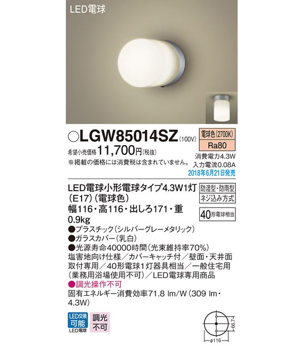 ●光源:LED電球小形電球タイプ4.3W1灯(E17)(電球色)、色温度:2700K、光源寿命40000時間(光束維持率70%)
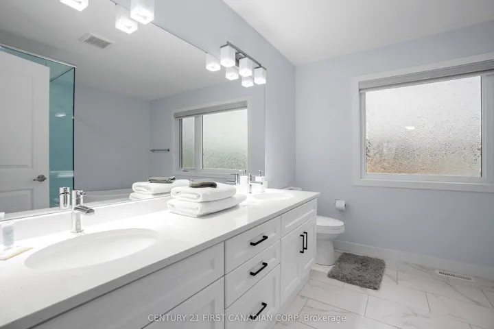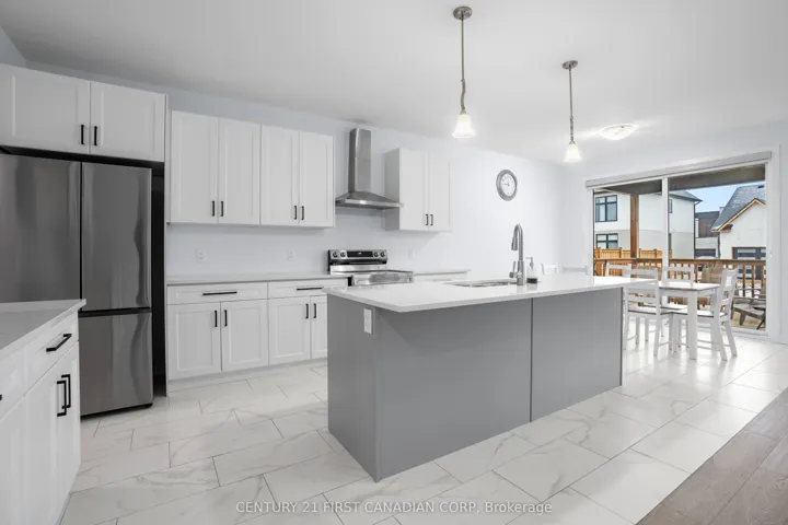 +"PublicRemarks": "Immaculate 2-year-old home, located on a premium corner lot in South London's prestigious Silverleaf Estates. Offering 2,700 sq ft of thoughtfully designed living space, it features 4 spacious bedrooms and 3.5 bathrooms the perfect blend of modern style and everyday comfort. In pristine condition, the main level boasts an open-concept gourmet kitchen with a walk-in pantry and a bright dinette area, which flows seamlessly into a formal dining room ideal for hosting and family meals. The dinette opens to a covered deck and backyard, ready for your personal landscaping vision. The great room features a cozy gas fireplace, creating a warm and welcoming space for relaxing or entertaining. Upstairs, you'll find four generously sized bedrooms, including a stunning primary suite with a walk-in closet and a 5-piece ensuite featuring a soaker tub, double vanity, and glass shower. Additional bathrooms and an upper-level laundry room provide extra convenience for busy family life. Located in a sought-after neighbourhood, this home offers easy access to shopping, parks, schools and is just minutes away from Highways 401 and 402."
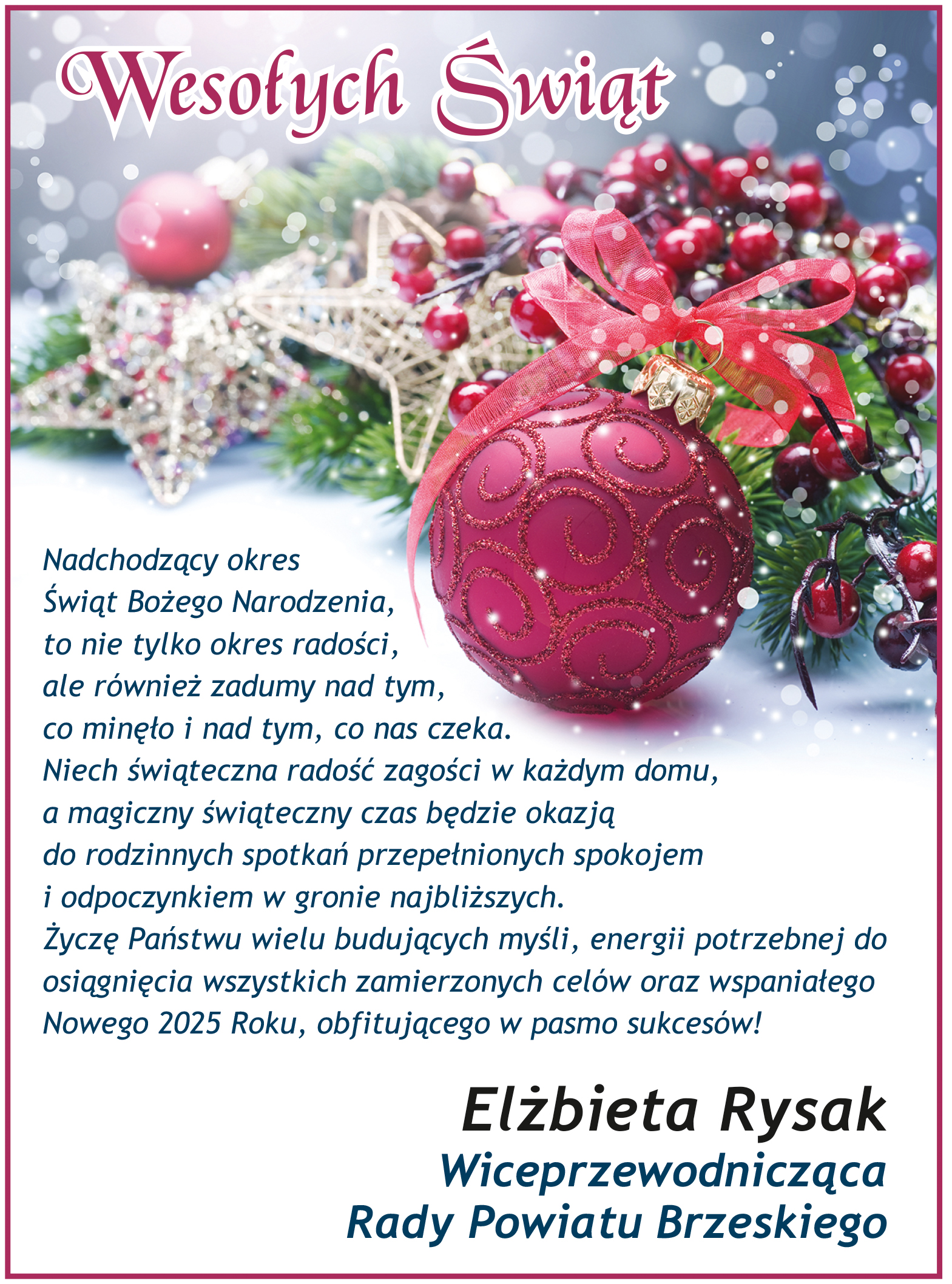 -- Życzenia Boże Narodzenie 2024 - Elżbieta Rysak Wiceprzewodnicząca Rady Powiatu Brzeskiego
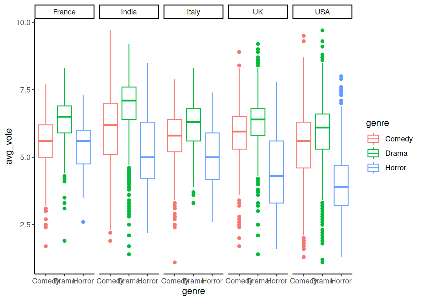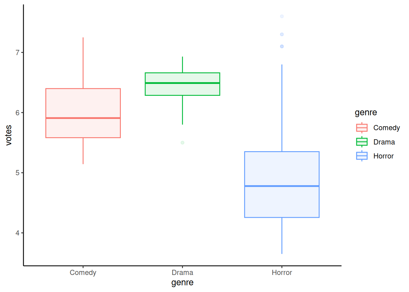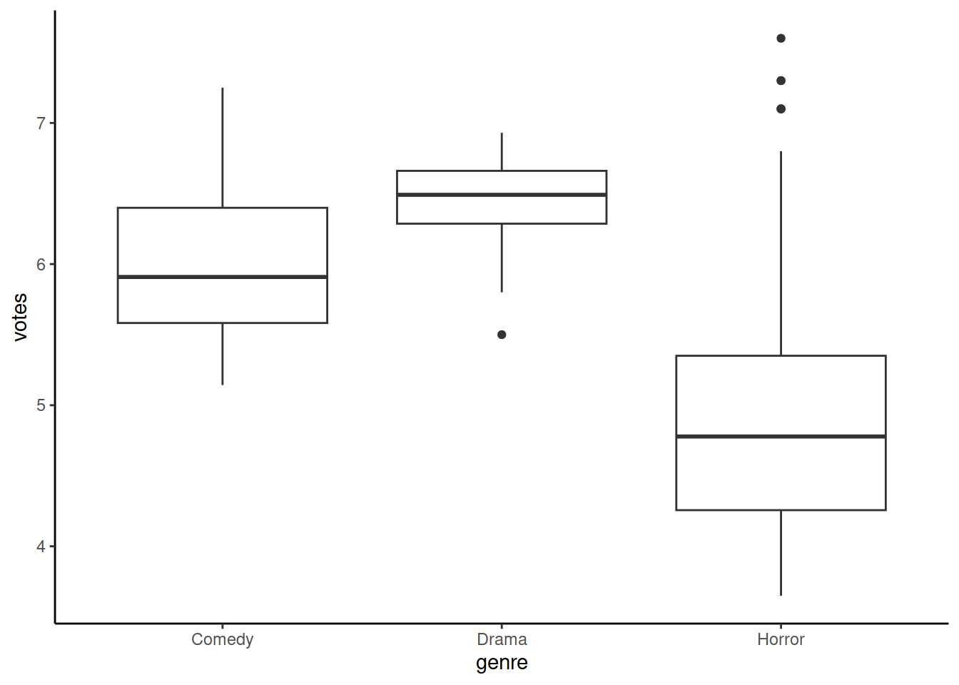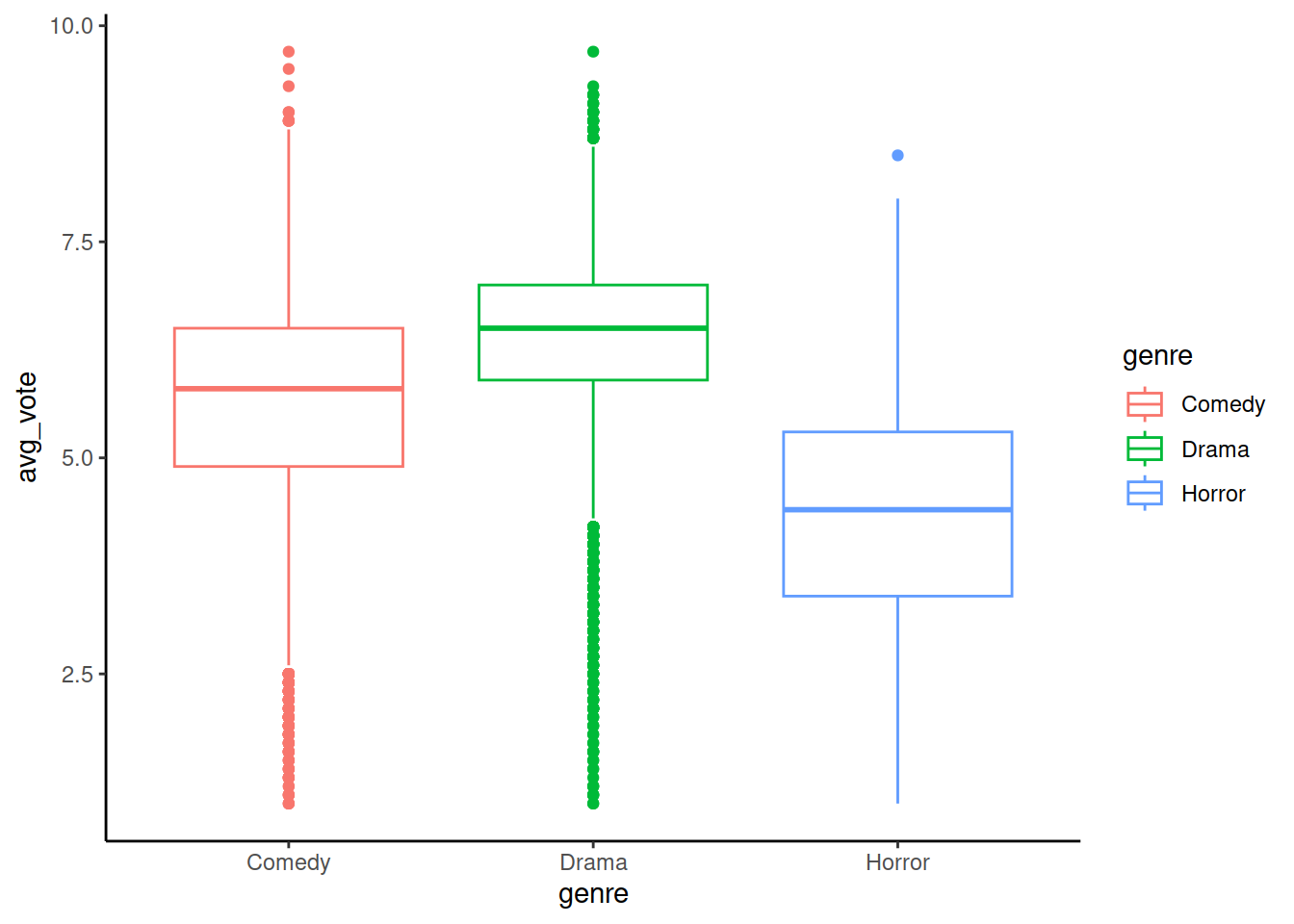 Геом для отрисовки боксплотов, по конструкции похож на geom_bar(). Отрисуем боксплоты распределений оценок фильмов трех разных жанров:

--- --- ---

When you copy the listing above, reproduce every line exactly and skip the images.

 ●光源:LED電球小形電球タイプ4.3W1灯(E17)(電球色)、色温度:2700K、光源寿命40000時間(光束維持率70%)
 +"PublicRemarks": "Immaculate 2-year-old home, located on a premium corner lot in South London's prestigious Silverleaf Estates. Offering 2,700 sq ft of thoughtfully designed living space, it features 4 spacious bedrooms and 3.5 bathrooms the perfect blend of modern style and everyday comfort. In pristine condition, the main level boasts an open-concept gourmet kitchen with a walk-in pantry and a bright dinette area, which flows seamlessly into a formal dining room ideal for hosting and family meals. The dinette opens to a covered deck and backyard, ready for your personal landscaping vision. The great room features a cozy gas fireplace, creating a warm and welcoming space for relaxing or entertaining. Upstairs, you'll find four generously sized bedrooms, including a stunning primary suite with a walk-in closet and a 5-piece ensuite featuring a soaker tub, double vanity, and glass shower. Additional bathrooms and an upper-level laundry room provide extra convenience for busy family life. Located in a sought-after neighbourhood, this home offers easy access to shopping, parks, schools and is just minutes away from Highways 401 and 402."
 -- Życzenia Boże Narodzenie 2024 - Elżbieta Rysak Wiceprzewodnicząca Rady Powiatu Brzeskiego
 Геом для отрисовки боксплотов, по конструкции похож на geom_bar(). Отрисуем боксплоты распределений оценок фильмов трех разных жанров:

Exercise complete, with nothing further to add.